La parole est à M. Dreyfus-Schmidt.
M. Michel Dreyfus-Schmidt. Les infractions et les sanctions doivent-elles figurer dans le code de procédure pénale ou dans le code pénal ? Je pense que tout le monde est d'accord pour dire que ce doit être dans le code pénal.
Or il se trouve - et d'ailleurs le Sénat le sait - que, en l'état actuel de l'article 109, si le témoin ne comparaît pas, le juge d'instruction peut, sur les réquisitions du procureur de la République, l'y contraindre par la force publique et le condamner à l'amende prévue pour les contraventions de la cinquième classe.
Au moment où nous sommes tous d'accord pour que le juge d'instruction n'ait plus pour seul rôle que d'instruire à charge et à décharge, il nous paraît qu'il ne doit sûrement pas prononcer des peines ! C'est pourquoi nous proposons que cette compétence devienne celle du tribunal correctionnel.
Quant au montant de 11 000 francs, nous l'avons choisi pour dépasser les 10 000 francs qui en feraient une contravention.
J'ajoute que notre amendement comporte une erreur, vous l'aviez compris, que je rectifie en tant que de besoin. Il convient en effet de préciser, après les mots : « force publique », que c'est la fin « du troisième alinéa » de l'article 109 du code de procédure pénale qui est supprimée. Mais chacun avait corrigé de lui-même.
M. le président. Quel est l'avis de la commission ?
M. Charles Jolibois, rapporteur. La commission est favorable à cet amendement, mais elle souhaite que M. Dreyfus-Schmidt le rectifie pour que l'amende soit non plus de 11 000 francs, mais de 25 000 francs, s'il veut qu'il s'agisse d'un délit. A moins qu'il ne préfère préciser : « est puni de l'amende prévue pour les contraventions de la cinquième classe ».
M. le président. Monsieur Dreyfus-Schmidt, que pensez-vous de la suggestion de M. le rapporteur ?
M. Michel Dreyfus-Schmidt. Je choisis le première option, qui consiste à porter le montant de l'amende à 25 000 francs.

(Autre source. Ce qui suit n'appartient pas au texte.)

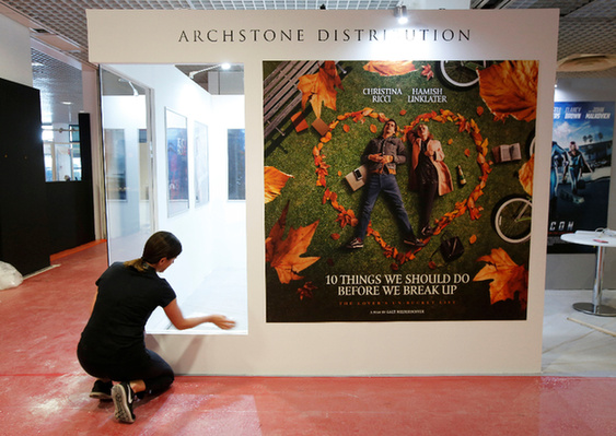 5月12日,在法国戛纳,一名工人为电影节的一处场馆做准备。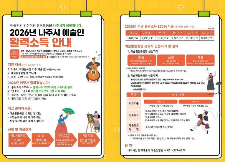 15일 나주시에 따르면 지역 예술인의 안정적인 창작 활동을 돕기 위해 ‘2026년 2분기 예술인 활력소득 지원금’ 신청을 받고 있다.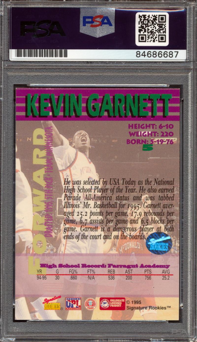 Kevin Garnett 1995 Signature Rookies Autobilia Autographs #5 #958/1000 (PSA)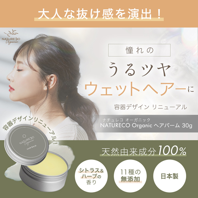 | 商品特徴 | 髪を保湿・乾燥ケアしながら濡髪を演出!NATURECOオーガニックのヘアバーム |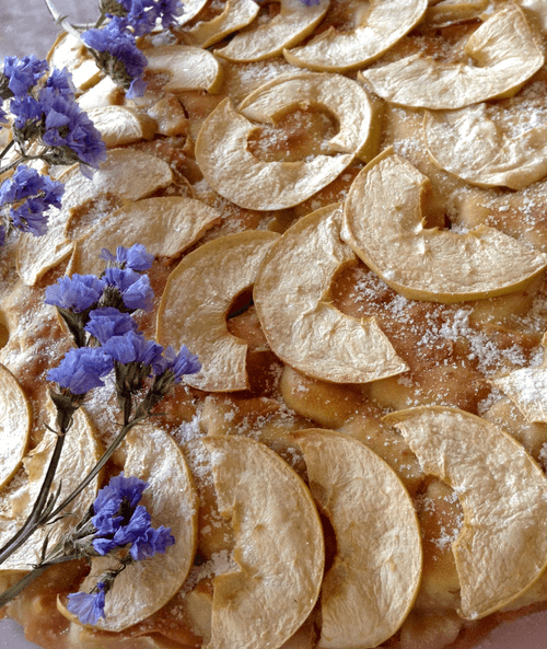 Для запекания потребуется 50-60 минут. В середине приготовления выньте полуготовый пирог, украсьте ломтиками яблока, верните в духовку.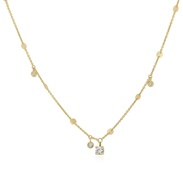 Collar modelo CEDRO realizado en oro rosa primera ley. Collar con 1 colgante cedro con 1 diamante blanco talla brillante peso 0,15 quilates, color E y pureza VVS + cadena forsat con 1 diamante talla brillante en chatón peso 0,01 quilates + 2 diamantes BROWN talla brillante en chatón peso total 0,03.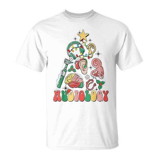 Maglietta natalizia Audiology Tree per studenti e laureati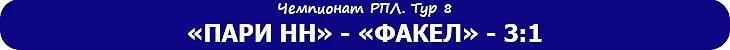 «Пари НН» Нижний Новгород – «Факел» Воронеж – 3:1 (0:1) 03.09.2022 (суббота). Начало – 15:00. Нижний Новгород Стадион «Нижний Новгород». 3950 зрителей. Голы: 0:1 Максимов (5), 1:1 Калинский (66 с пенальти), 2:1 Калинский (73 с пенальти), 3:1 Милсон (90+7).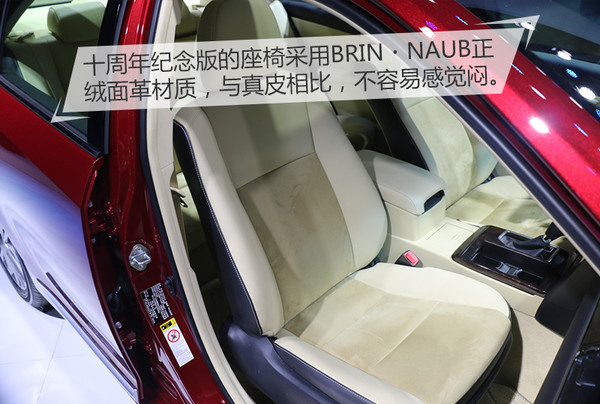 十周年紀(jì)念版凱美瑞將原本就已經(jīng)是真皮包裹的座椅更換了“新裝”,采用了最新研發(fā)的BRIN?NAUB材質(zhì)的正絨面革。與真皮材質(zhì)相比,這種全新的材料不容易有悶的感覺,夏天的時(shí)候不會(huì)越坐越熱。冬天的時(shí)候,剛坐進(jìn)車?yán)镆膊粫?huì)感覺特別涼,這樣直接省去了再配坐墊的麻煩。BRIN?NAUB材質(zhì)還具有更好的彈性和延展性,長(zhǎng)期坐壓之后不易變形。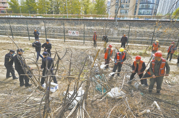 昨天,来广营乡综合行政执法队20名队员,对13号线北苑地铁站和立水桥地铁站中间地带北侧一个高压铁塔下的菜园进行了清理,并拆除了周边违章建筑。供电部门表示,在高压线塔基座附近开垦种菜,一定程度上破坏了电力设施,雨天在此进出更是存在安全隐患。来广营乡综合行政执法队表示,将联合电力部门继续加大监管力度。 本报记者 程功摄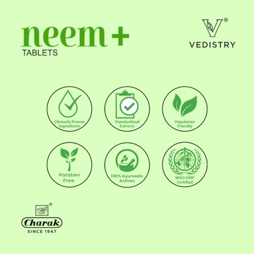 • Vedistry Neem + tablets is Potentiated with Pippali extracts containing Piperine to improve absorption for quick results.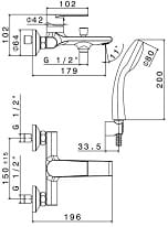Jednouchwytowa z wężem , uchwytem i słuchawką prysznicową .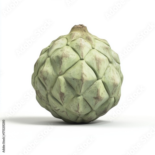 Fototapeta premium A vibrant, green cherimoya fruit displayed against a clean white background,...

M. le président. Il s'agit donc de l'amendement n° 200 rectifié, présenté par MM. Dreyfus-Schmidt, Badinter et les membres du groupe socialiste et apparentés, et tendant à insérer, après l'article 6, un article additionnel ainsi rédigé :
« I. - Après les mots : "force publique", la fin du troisième alinéa de l'article 109 du code de procédure pénale est supprimée.
« II. - Après l'article 434-15, il est inséré dans le code pénal un article ainsi rédigé :
« Art. 434-15-1 Le fait de ne pas comparaître, sans excuse ni justification, devant le juge d'instruction par une personne qui a été citée par lui pour y être entendue comme témoin est puni de 25 000 francs d'amende. ».
Quel est l'avis du Gouvernement ?
Mme Elisabeth Guigou, garde des sceaux. Je m'en remets à la sagesse de la Haute Assemblée sur cet amendement.
Il est vrai que nous avons besoin de dispositions permettant à un juge d'instruction de condamner un témoin défaillant. Ce type de dispositions existe d'ailleurs à l'échelon du tribunal correctionnel ou de la cour d'assises, et même si ces mesures sont, en pratique, peu utilisées, je crois qu'il est important de maintenir une forme d'astreinte.
La situation est très comparable à celle qui prévaut pour les condamnations à des amendes civiles que les juridictions civiles ou administratives peuvent prononcer. Cependant, est-il souhaitable de remplacer une contravention de cinquième classe, symbolique mais dissuasive, par un délit passible du tribunal correctionnel, ce qui est plus sévère mais peut-être moins efficace ? Je laisse au Sénat le soin de trancher.
M. Hubert Haenel. C'est plus cohérent !
M. le président. Personne ne demande la parole ?...
Je mets aux voix l'amendement n° 200 rectifié, accepté par la commission et pour lequel le Gouvernement s'en remet à la sagesse du Sénat.

(L'amendement est adopté.)
M. le président. En conséquence, un article additionnel ainsi rédigé est inséré dans le projet de loi, après l'article 6.